Quick expression on geodesic equation

[unscientific]

Taken from Hobson's book:

How did they get this form?

\dot u^{\mu} = - \Gamma_{v\sigma}^\mu u^v u^\sigma
\dot u^{\mu} g_{\mu \beta} \delta_\mu ^\beta = - g_{\mu \beta} \delta_\mu ^\beta \Gamma_{v\sigma}^\mu u^v u^\sigma
\dot u_{\mu} = - \frac{1}{2} g_{\mu \beta} \delta_\mu ^\beta g^{\mu \gamma} \left(\partial_v g_{\sigma \gamma} + \partial_\sigma g_{v\gamma} - \partial_\gamma g_{v\sigma} \right)
= - \frac{1}{2} \delta_\mu ^\beta \delta_\beta ^\gamma \left(\partial_v g_{\sigma \gamma} + \partial_\sigma g_{v\gamma} - \partial_\gamma g_{v\sigma} \right)
= -\frac{1}{2} \left( \partial_v g_{\sigma \mu} + \partial_\sigma g_{v\mu} - \partial_\mu g_{v\sigma} \right)

Why are the first two terms zero?

 

[stevendaryl]

Taken from Hobson's book:

How did they get this form?

\dot u^{\mu} = - \Gamma_{v\sigma}^\mu u^v u^\sigma
\dot u^{\mu} g_{\mu \beta} \delta_\mu ^\beta = - g_{\mu \beta} \delta_\mu ^\beta \Gamma_{v\sigma}^\mu u^v u^\sigma
\dot u_{\mu} = - \frac{1}{2} g_{\mu \beta} \delta_\mu ^\beta g^{\mu \gamma} \left(\partial_v g_{\sigma \gamma} + \partial_\sigma g_{v\gamma} - \partial_\gamma g_{v\sigma} \right)
= - \frac{1}{2} \delta_\mu ^\beta \delta_\beta ^\gamma \left(\partial_v g_{\sigma \gamma} + \partial_\sigma g_{v\gamma} - \partial_\gamma g_{v\sigma} \right)
= -\frac{1}{2} \left( \partial_v g_{\sigma \mu} + \partial_\sigma g_{v\mu} - \partial_\mu g_{v\sigma} \right)

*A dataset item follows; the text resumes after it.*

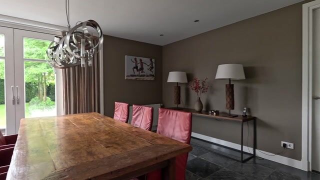 - Een ruime eetkamer (ca. 4.95 x 4.47 m), grenzend aan de keuken en aan de zitkamer. Vanuit deze ruimte heeft u prachtig zicht op de achtertuin door de aanwezige dubbele schuifpui.

Why are the first two terms zero?

Since u_\mu = g_{\mu \nu} u^\nu, then
\dot{u}_\mu = \dot{g}_{\mu \nu} u^\nu + g_{\mu \nu} \dot{u}^\nu

Using the chain rule, or whatever the rule is, \dot{g}_{\mu \nu} = u^\sigma \partial_\sigma g_{\mu \nu}. So we have:

\dot{u}_\mu = u^\sigma u^\nu \partial_\sigma g_{\mu \nu} + g_{\mu \nu} \dot{u}^\nu

Using \dot{u}^\nu = - \Gamma^\nu_{\sigma \lambda} u^\sigma u^\lambda, we have:

\dot{u}_\mu = u^\sigma u^\nu \partial_\sigma g_{\mu \nu} - g_{\mu \nu} \Gamma^\nu_{\sigma \lambda} u^\sigma u^\lambda

Finally, using g_{\mu \nu} \Gamma^\nu_{\sigma \lambda} = \Gamma_{\mu \sigma \lambda} = \frac{1}{2}(\partial_\sigma g_{\mu \lambda} + \partial_\lambda g_{\mu \sigma} - \partial_\mu g_{\sigma \lambda}), we can write this as:

\dot{u}_\mu = u^\sigma u^\nu \partial_\sigma g_{\mu \nu} - \frac{1}{2} u^\sigma u^\lambda (\partial_\sigma g_{\mu \lambda} + \partial_\lambda g_{\mu \sigma} - \partial_\mu g_{\sigma \lambda})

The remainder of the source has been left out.